Former influential politician Uladi Mussa will have to battle for his liberation while in jail after the High Court in Lilongwe rejected his application for bail pending appeal of his conviction and sentence.
The court sentenced the ex-Cabinet minister alongside David Kwanjana and Peter Katasya, a Ugandan businessperson, on October 23 2020 on various charges under the Corrupt Practices Act as well as the Penal Code.
Mussa and Kwanjana, a former Central Region Immigration officer, were slapped with five years imprisonment while Katasya was handed a prison sentence of four years.

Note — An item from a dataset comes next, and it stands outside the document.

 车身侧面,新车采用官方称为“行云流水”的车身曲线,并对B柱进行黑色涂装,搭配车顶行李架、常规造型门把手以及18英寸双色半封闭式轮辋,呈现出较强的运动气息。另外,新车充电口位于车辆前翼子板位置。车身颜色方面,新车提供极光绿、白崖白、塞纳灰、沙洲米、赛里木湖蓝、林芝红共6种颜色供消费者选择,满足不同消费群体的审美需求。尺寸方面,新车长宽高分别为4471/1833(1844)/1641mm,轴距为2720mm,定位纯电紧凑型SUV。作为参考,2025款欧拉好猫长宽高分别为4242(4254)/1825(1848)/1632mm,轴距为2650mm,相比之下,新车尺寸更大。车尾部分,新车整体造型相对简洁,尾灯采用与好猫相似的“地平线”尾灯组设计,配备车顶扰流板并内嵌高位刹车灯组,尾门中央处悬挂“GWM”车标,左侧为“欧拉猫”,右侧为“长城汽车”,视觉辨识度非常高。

But on November 3 2020 Katasya filed summons applying for stay of sentence and admission to bail pending appeal while Mussa and Kwanjana filed similar summons on November 24 2020. Both summons were in accordance with Section 359 of the Criminal Procedure and Evidence Code.

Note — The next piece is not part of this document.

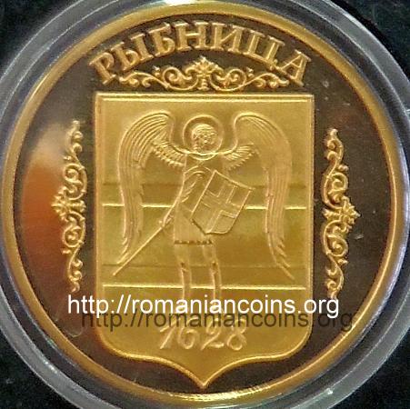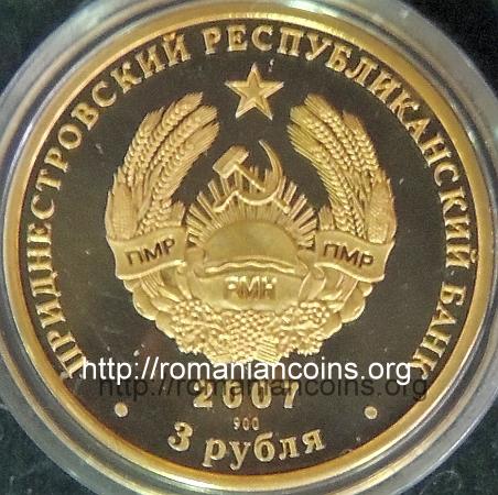21 mm diametru, 8 g, aur 90%, margine netedă Avers: valoarea nominală 3 RUBLIA, stema autoproclamatei republici transnistrene (cu secera și ciocanul), inscripția · PRIDNESTROVSKII RESPUBLIKANSKII BANK · (cu litere chirilice) însemnînd BANCA REPUBLICANĂ [TRANS] NISTREANĂ, anul 2007, dedesubt 900 reprezentînd titlul aurului | Revers: stema orașului Rîbnița, cu anul primei menționări documentare - 1628, inscripția RÎBNIȚA (în rusă, cu litere chirilice), ornamente Tiraj: 100 exemplare |

However, in his ruling yesterday High Court Judge Chifundo Kachale argued no injustice would arise if the three were to continue pursuing their appeal from behind bars.
Kachale, who is also Malawi Electoral Commission (MEC) chairperson, observed the detention of the three was premised upon convictions entered after hearing evidence in court.
He said the trial court considered relevant sentencing principles when it arrived at custodial terms for the three, and there was nothing that was presented in their applications to move the court to exercise the rare discretion of granting bail pending appeal.
“Therefore, on all these premises, the applications of Uladi Mussa, David Henry Kwanjana and Peter Katasya to be admitted to bail pending appeal are each one dismissed for lack of merit. The applicants shall remain in custody until a contrary order is issued following their appeal,” reads part of Kachale’s judgement.
Mussa, a former minister of Home Affairs and Internal Security during the two-year tenure of former president Joyce Banda, was convicted for aiding foreigners to enter the country illegally and awarding them Malawian citizenship. The offences were committed in 2013.